The Tubbercurry native played for Harps, Galway United and Bohemians over the course of his 20-year career but it is for his three stints with his hometown club Sligo Rovers that Cretaro will be best remembered.
He won the Premier Division, First Division, two FAI Cups and the Setanta Sports Cup with the Bit o’Red and is third in the club’s list of all-time appearance makers (behind only the two great Tonys, Fagan and Stenson).
He achieved his lifelong dream to play for the club by making his debut in September 2000 and was one of the scorers in the penalty shootout win against Shelbourne in the 2011 FAI Cup Final. He also scored twice when Rovers beat St Pat’s 3-2 in October 2012 to win their first league title in 35 years. For Cretaro, those moments are among the main highlights of his career.
“Undoubtedly they are,” he said. “Rovers are my hometown club. I went in with my dad to matches when I was a young boy and dreamt of playing for them. I remember going to watch the Cup Winners Cup game in 1994 against Club Brugge and the place going mad when Johnny Kenny scored. People were pushed up against the old fence. Even though they got beat it was a great memory. That really kick-started the love affair for me.
“My friends wanted to play for Manchester United or Liverpool but I was a local lad and I wanted to play for Sligo Rovers and am forever grateful that I got the chance to do that. The 2011 Cup Final was special to me as I was with Bohs in 2010 and watched from the stands in the Aviva as the lads won, and then to get the chance a year later meant so much to me, especially to bring the cup to Tubbercurry.
“The game with St Pat’s where we won the league – that was just something else, the whole occasion, having the chance to win the league in the Showgrounds, the place was packed, and it’s something I will always remember.”
Cretaro hopes to start taking his son Matteo to games once it is possible to do so.
“My dad started taking me matches when I was a boy and I will be doing the same with Matteo. Before Covid struck Dad was still a regular at games in the Showgrounds and it would be great to have the three generations there.

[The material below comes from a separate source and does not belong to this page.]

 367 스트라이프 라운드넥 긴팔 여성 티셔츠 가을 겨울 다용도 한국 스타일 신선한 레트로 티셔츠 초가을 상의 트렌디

“I hope that he will have the same love affair that I had and have with Rovers and can’t see otherwise. I know though that it will be later rather than sooner before I can start taking him to games. It won’t until well after the pandemic has passed.”
For now, Cretaro is taking time to reflect on what he has achieved and to take stock of what is to come, although he won’t be putting the boots away just yet: he plans to go back playing with his local club Real Tubber.

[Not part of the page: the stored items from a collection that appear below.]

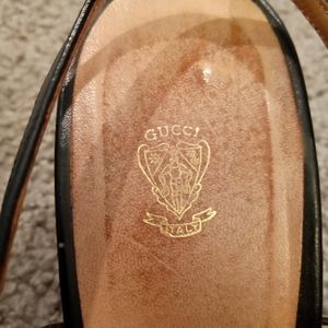 Gucci Italy Vintage Gold Bit Black Red Leather Sandals Heels Slides Shoes sz 38 B, good condition, normal minor wear, Gucci vintage insignia shown in full on inner heel. Slingback adjustable style. Gorgeous Gold Horse bit accent. Foot pads affixed but can be removed. Amazing and classic sandals! Will ship right away. Check out my other vintage shoes consolidation
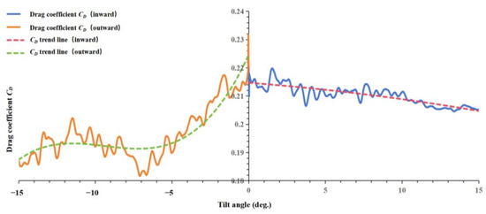 The continuous change in drag coefficient with tilt angles (inward and outward).
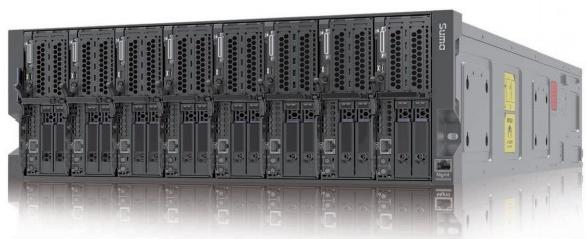 八个刀片计算节点,配备两颗海光7000系列处理器(最高64物理核心、128线程),具备大容量三级缓存(最高64M)。每个节点配备16根DDR4 DIMM,内存容量最高可达2TB。支持板载SATA3.0控制器,可选扩展SAS/RAID控制器,支持RAID0和RAID1。配备2个本地2.5英寸盘位,以及2个板载SATA M.2 SSD。
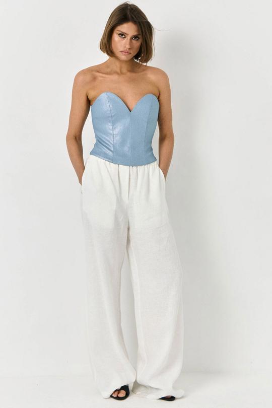 Брюки свободного кроя, выполнены из льна, пояс на резинке, по бокам функциональные карманы.
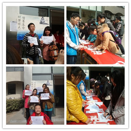 3月8日,食品学院在阜成路校区开展了以“学雷锋,添绿色”为主题的环保倡议活动。学生拿出已经废弃的纸张,在纸的背面写上自己的学雷锋宣言,并倡导大家不随便乱扔垃圾,不浪费纸张,不使用一次性筷子,保护环境——保护人类赖以生存的家园。活动虽小,但每个学生都融入其中,争做雷锋精神的践行者。一个人的力量是有限的,集体的力量是无穷的,通过对环保的倡议活动,积极鼓励和带动全校加入到学雷锋的活动中,加入到对环境保护的行动中,倡导大家积极行动起来,共同建设天蓝、地绿、水清的美丽中国,实现绿色的“中国梦”。

“I have been very lucky in my career that so many people have been good to me and have helped me through the high times and the low times. I have a couple of decisions to make about what I will be doing next and I want to see where my next journey will take me,” he offered.
“A couple of years ago when I was in my mid-30’s and I first started thinking about when I would retire, I said that I would play my last-ever game of football in a Real Tubber shirt. I started with them at underage so it would be only fitting. I played a couple of games last year before I returned to Harps and enjoyed it, especially playing with lads I grew up with. It’s Sunday league so there is more of a fun aspect to it for me and I enjoyed the banter with the lads.”